Monday 6 August 2018

Machine Learning | Cancer prediction

In a previous post a number of machine learning models were trained on a dataset. Details of the data set are here. The relative importance of each of the 32 dimensions was also deduced from a multi-dimensional visualisation. This post builds on the results of that to finally use the models for prognosis.

video for post content

The models that were trained included a Gradient boosting classifier, Random forest, an SVC and a K-neighbour classifier. In addition to those models, another Gradient boosting classifier was trained with parameter tuning. For the algorithm a range of values for learning rate, max_features and max depth were specified in a parameter grid. A model selection and evaluation tool like GridSearchCV and a scoring parameter is used to choose a model with best quality.

Using the generated models:

After this model training and generation, we need to use the models. Also when there are a number of algorithms, samples and models, it would be great to select a model and apply an out of bag data/sample through it. 

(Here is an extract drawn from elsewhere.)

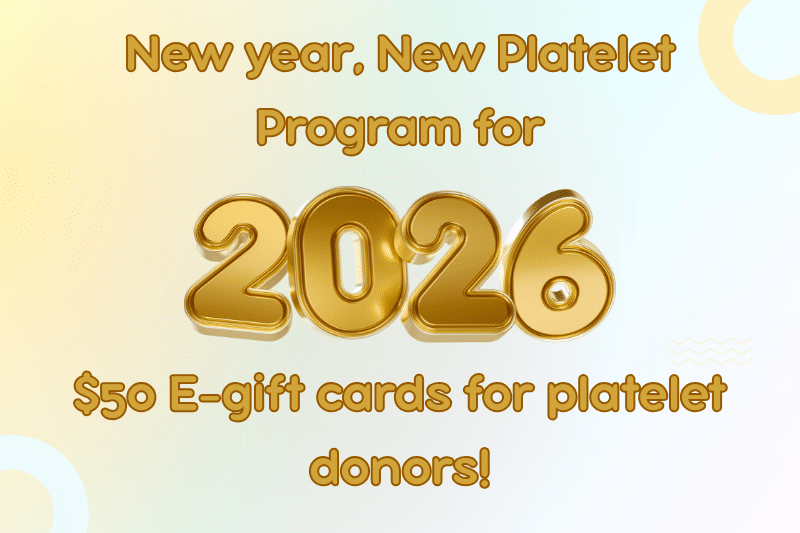 Starting January 1st, 2026, platelet donors will receive a $50 e-gift card following their donation. The IRS raised the limit for rewards from $600 to $2000 for 2026. With this change, donors should not reach the limit. Therefore will not need to have a 1099 issued. Below are the new program guidelines that will go…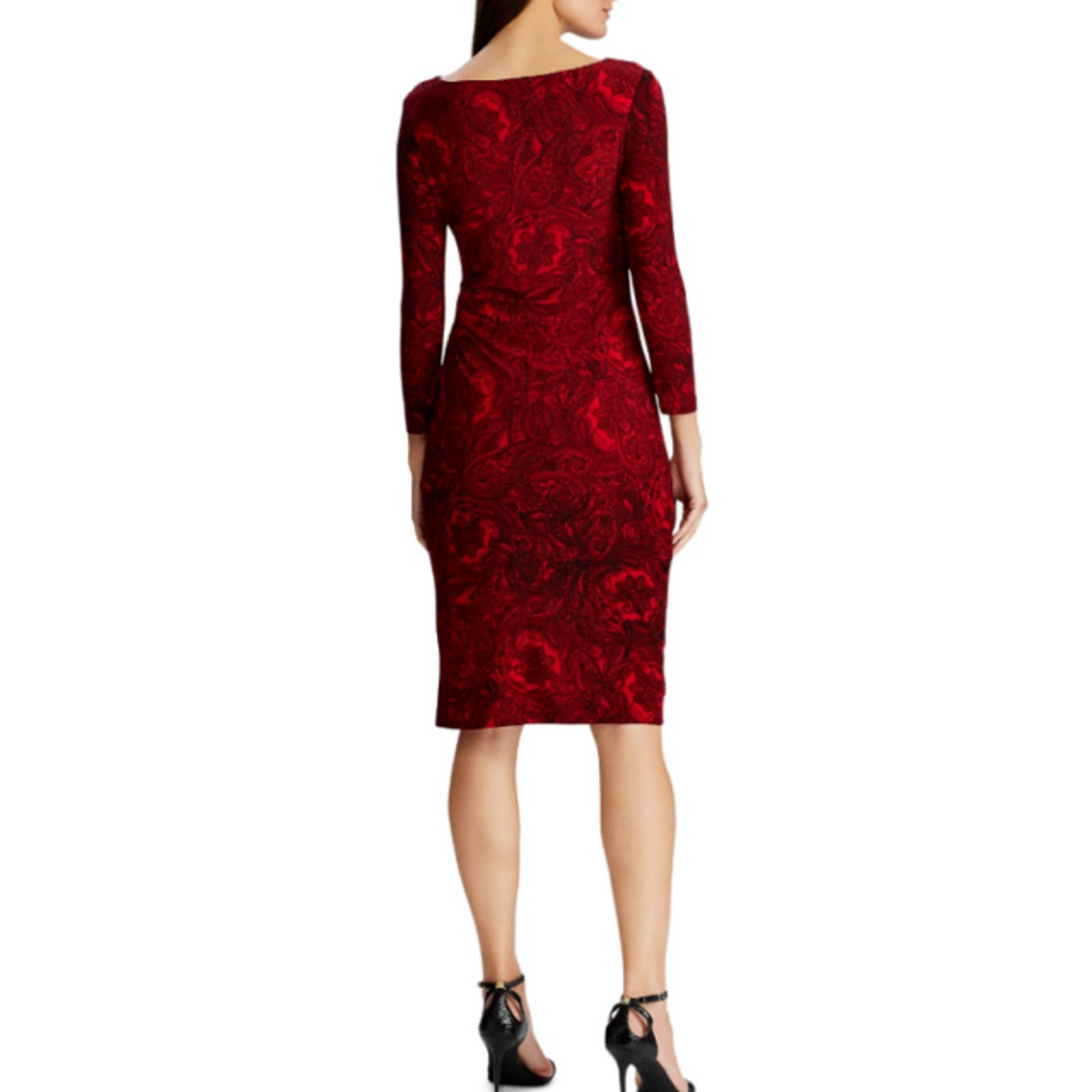 LAUREN RALPH LAUREN LADIES VICTORINA ABSTRACT PRINT JERSEY DRESS, RED

To do that with this cancer data set, we serialise the models, samples and provision them over an application. The models and their details are stored in the database with a link to their respective files. The same is done for samples. Since each model utilises a particular algorithm, a list of algorithms is also maintained. So algorithms, models and samples can be added to the application. From there a user interface is presented to choose a sample and the model to apply.

This enables users in, say a medical institution, to add new models/samples as they are generated and conduct a prognosis. Models can also be revisited and looked up as they are updated.

Screens of conducting a prognosis on stored models and samples are shown below. 

1) Selecting a sample

2) Selecting a model

3) Result

Another prognosis with K-neighbour classifier on a different sample.

Details of a particular model can also be viewed.